Briefly defined, stock rotation involves adding newer stock to back storage while moving older stock to front storage for easier access. Establishing a successful stock rotation or inventory turn rate is a key part of avoiding waste due to product expiration or spoilage.
4. Cycle Counting
A highly efficient and effective way to maintain accurate inventory counts, cycle counting involves the daily tabulation of small amounts of warehouse inventory, often with the final cumulative objective of tabulating warehouse inventory in its entirety. This can prove especially useful for companies in industries that mandate 100-percent inventory count validations on a periodic basis.
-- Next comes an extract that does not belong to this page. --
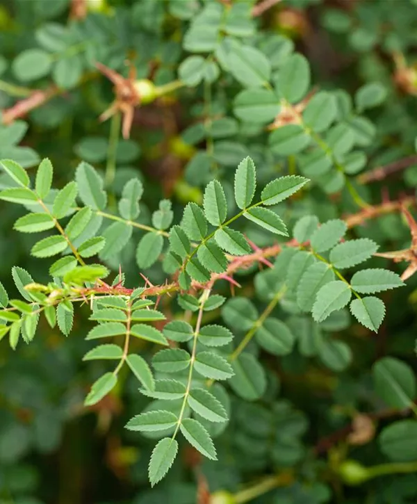Die Triebe von Rosa spinosissima sind bestachelt.
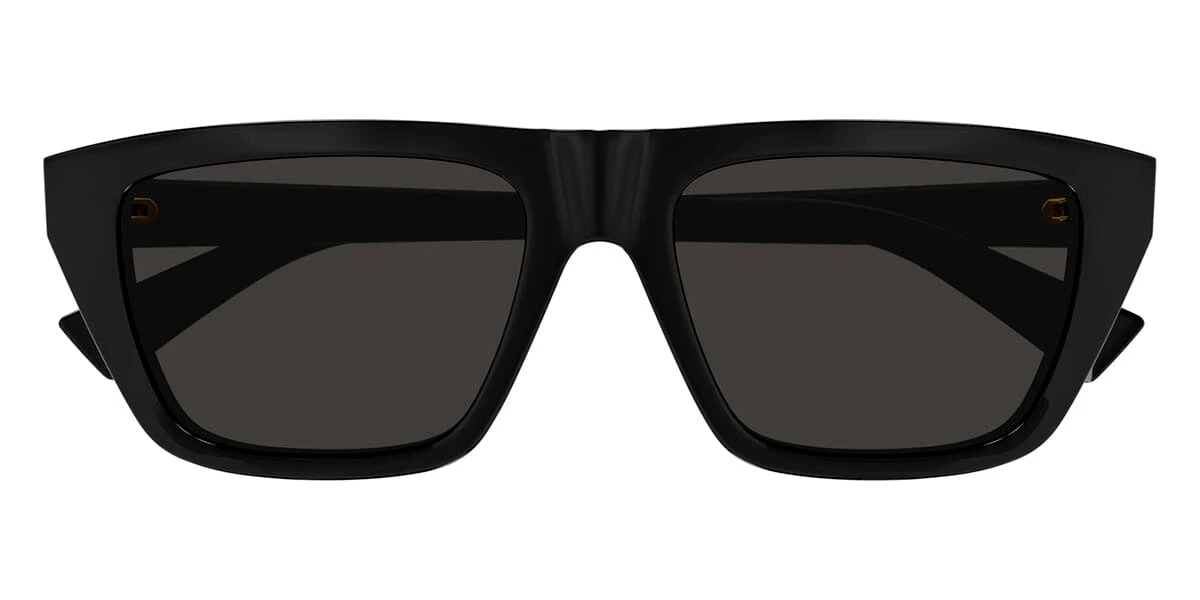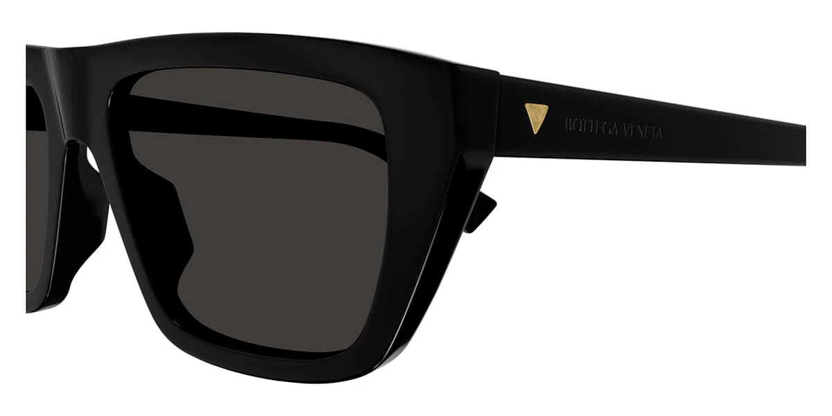 This square Bottega Veneta sunglass comes in a black frame with grey lenses.

In addition to ultimately boosting the efficiency of full inventory counts, cycle counting helps measure the ongoing success of existing warehouse processes and account for potential sources of error. Cycle counting can occur on an ongoing basis or begin and end on specified dates. Errors found during each cycle count allow warehouse managers to adjust inventory accounting records for accuracy.
5. Process Auditing
In addition to cycle counting, process auditing is a great method of proactive error source identification. For this reason alone, wise inventory managers will conduct objective audits early and often to monitor significant process changes and make process adjustments as needed. While cycle counting focuses on precise inventory numbers, auditing seeks a similar level of precision for inventory processes.
Process auditing is a blanket term that encompasses a broad spectrum of analytical procedures to evaluate an organization’s inventory methods while confirming that its financial records match an accurate count of its physical goods. Organizations should complete process audits at each transactional link in the inventory management chain from receiving to shipping. By paying careful attention to ease of operations at all processing points, inventory managers can dramatically boost efficiency and slash costs.